But they have! One attempt that has had significant influence was to correlate birth weight data in infants with their adult history of cardiovascular disease. Surprise, your weight on the day you were born is associated with your blood pressure, 60 years later (in a broad statistical sense, of course — this is a population-level correlation.) This led David Barker to make the specific hypothesis that “poor nutrition, health and development among girls and young women is the origin of high death rates from cardiovascular disease in the next generation.” This idea has since been broadened to form the developmental origin of adult disease hypothesis, that all kinds of medical phenomena have their origns in fetal development, and in the environmental effects that have influenced that development.

Credit where credit is due, the original exploration of the hypothesis was thanks to careful records kept by one midwife, Margaret Burnside, who assisted in the birth of over 15,000 babies in Hertfordshire between 1911 and 1930, and also the records of over 2000 births at Jessop Hospital in Sheffield between 1907 and 1924. They then compared birth records with death certificates in the 1950s-1990s to extract the first hints of associations.*

There’s a huge industry of papers being turned out now that look at correlations between birth weight and adult medical conditions. We’re also seeing more complex connections between disease and growth rate in the first year.

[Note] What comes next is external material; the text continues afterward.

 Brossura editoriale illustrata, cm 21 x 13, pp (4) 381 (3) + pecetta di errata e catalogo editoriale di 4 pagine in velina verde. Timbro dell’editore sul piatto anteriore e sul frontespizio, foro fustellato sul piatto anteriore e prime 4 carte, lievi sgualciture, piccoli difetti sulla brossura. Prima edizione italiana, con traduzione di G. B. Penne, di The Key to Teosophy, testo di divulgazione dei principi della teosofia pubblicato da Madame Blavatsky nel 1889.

Some of them are very well established associations with low birth weight, like hypertension, coronary artery disease, non-insulin dependent diabetes, stroke, dislipidaemia, elevated clotting factors, and impaired neurodevelopment. Other ‘problems’ have been associated with low birth weight in a small number of studies — there really are amazing numbers of papers where researchers mine the medical data for connections, some of them possibly spurious. So small babies may be more likely to develop issues with chronic lung disease, depression, schizophrenia, and general behavioral problems. They may have reduced uterine and ovarian size and precocious pubarche. They might be more prone to breast and testicular cancer.

Surprisingly, they may also marry later, if at all, be left-handed, and have denser fingerprint whorls. You can find it all in the scientific literature.

If you are thinking that you were a plump, fat baby, so you have nothing to worry about, think again. There are correlations between large birth weight and breast cancer (everything seems to cause breast cancer,) prostate cancer, childhood leukemia, and polycystic ovary disease.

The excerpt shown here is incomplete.